Snow Atlas - APAC, UK South & West Europe - SAM Core Errors
Incident Report for Flexera System Status Dashboard
Postmortem

Description: Snow Atlas - APAC, UK South & West Europe - SAM Core Errors

Timeframe:  November 17, 2024, at 11:04 PM PDT to November 18, 2024, at 9:45 AM PDT

Incident Summary

On Sunday, November 17th , 2024, at 11:04 PM PDT , we received customer reports indicating issues with the SAM Core functionality. Initially, the impact seemed confined to tenants in the APAC region, but subsequent reports revealed that customers in the West Europe and UK South regions were also affected. Our initial investigation determined that the errors were confined to specific pages.

Our engineering team discovered during the investigation that errors for one affected customer began after an application restart, typically triggered by health checks, when the Database Server appeared unavailable. Similar patterns were observed for other tenants. The web service in all production clusters exhibited a high rate of connection timeout errors to the database servers. Although the database servers remained operational with no logged errors, connections were intermittently slow or unresponsive. This slowness resolved itself over time, but persistent timeouts during the outages led to application restarts.

To restore service, SRE restarted the affected services on November 18, 2024, at 3:51 AM PDT, successfully resolving the issue for impacted tenants. After extended monitoring across all regions, the issue was declared resolved at 9:45 AM PDT.

Root Cause

 Upon investigation, the root cause was identified as a network issue on the Kubernetes nodes in the cloud service. This issue caused intermittent connectivity problems between the SAM Core application and the Database Servers, resulting in a high rate of connection timeouts.

Remediation Actions

 

·        Targeted Resolution: SRE restarted the services for affected tenants, resolving the reported issues and restoring functionality for those users.

·        Preventative Restart: To ensure no further disruptions, SRE proactively restarted the services for all tenants across all production clusters.

Future Preventative Measures 

 

·        Enhanced Monitoring: Our teams are working to implement more granular monitoring for network health and database connectivity to proactively detect similar issues.

·        Resilience Improvements: Collaborate with the SAM Core team to implement retry logic and exception handling during application startup, reducing susceptibility to transient database unavailability.

·        Network Diagnostics: Work with our service provider to investigate the root cause of the network issue to identify and address underlying factors, reducing the risk of recurrence.

Posted Nov 27, 2024 - 21:50 PST

Resolved
The system is currently operational, and no further disruptions have been observed. The team suspects that recurring network problems impacting performance may have caused the issue.

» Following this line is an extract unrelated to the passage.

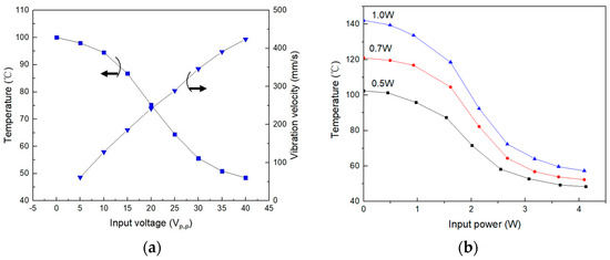 Figure 3. Measured cooling effects of the focused ultrasonic radiator for the heating element. (a) Measured surface temperature of the heating element and vibration velocity of the focused ultrasonic radiator versus the input voltage of the focused ultrasonic radiator. (b) Measured surface temperature of the heating element with varying heating power versus the input power of the focused ultrasonic radiator.
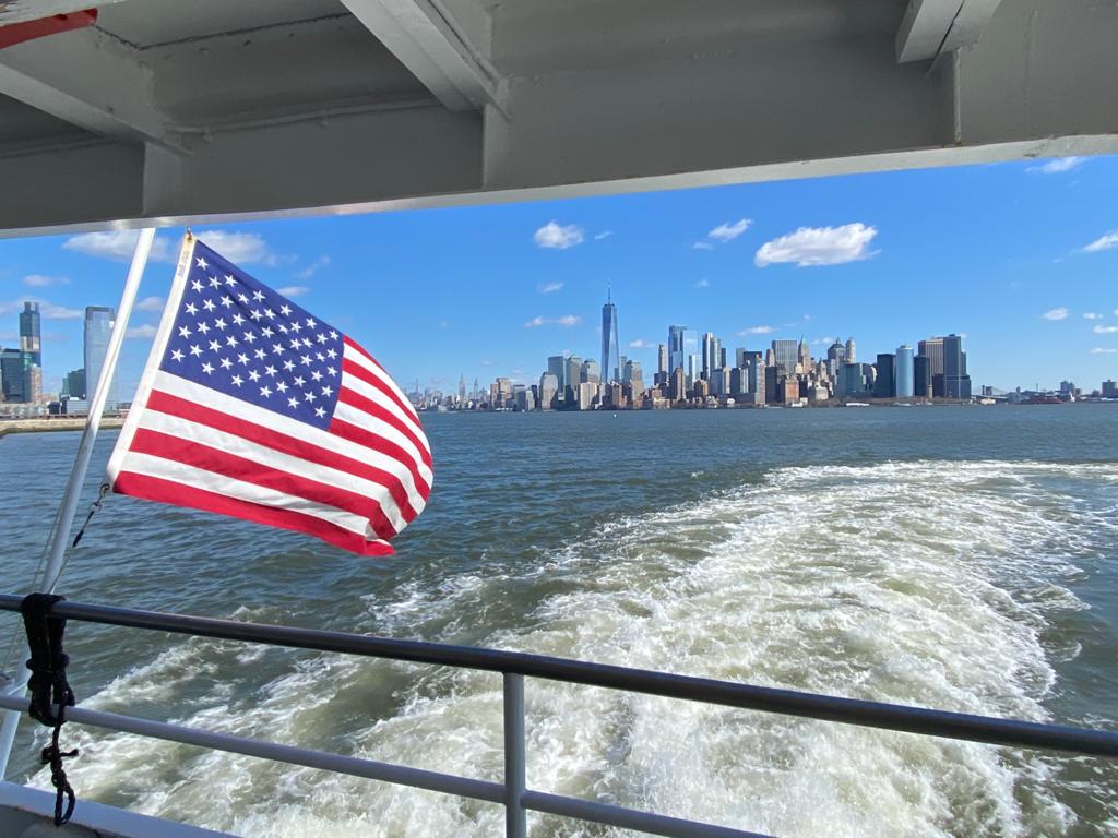 We then boarded another ferry to get to the Statue of Liberty. We played around on deck for a bit trying to take some cool photos of the American Flag with Manhattan in the background before having to go back inside due to the cold.

A full root cause analysis will be conducted to identify the underlying cause and implement long-term measures to ensure stability and prevent future recurrences. A formal post-mortem report will also be shared in the coming days.
Posted Nov 18, 2024 - 09:55 PST
Update
Our teams are analyzing the issue to identify the underlying cause and implement a resolution. Efforts are ongoing, and we are monitoring the situation closely to minimize further impact. We will provide updates as more information becomes available.
Posted Nov 18, 2024 - 07:10 PST
Investigating
Our teams restarted the services , which resolved the issue for some of the customers. We are still investigating the issue and will provide further updates once they are available.
Posted Nov 18, 2024 - 02:46 PST
Update
We are continuing to monitor for any further issues.
Posted Nov 18, 2024 - 01:49 PST
Monitoring
A fix has been implemented and we are monitoring the results.
Posted Nov 18, 2024 - 01:36 PST
Investigating
Our teams are currently investigating an issue affecting the Snow Atlas platform, where users may encounter errors when accessing SAM Core functionality. This issue impacts multiple customers in the APAC, UKSouth & West Europe regions, resulting in pages throwing errors or loading incorrectly for affected users within Snow Atlas SAM Core.

Priority: P2

Restoration Activity: Our technical team is actively working to resolve the issue and restore full functionality. We are monitoring the situation closely and will keep you informed of any developments.
Posted Nov 17, 2024 - 23:23 PST
This incident affected: Snow Atlas (Snow Atlas - Australia, Snow Atlas - Europe, Snow Atlas - UK South).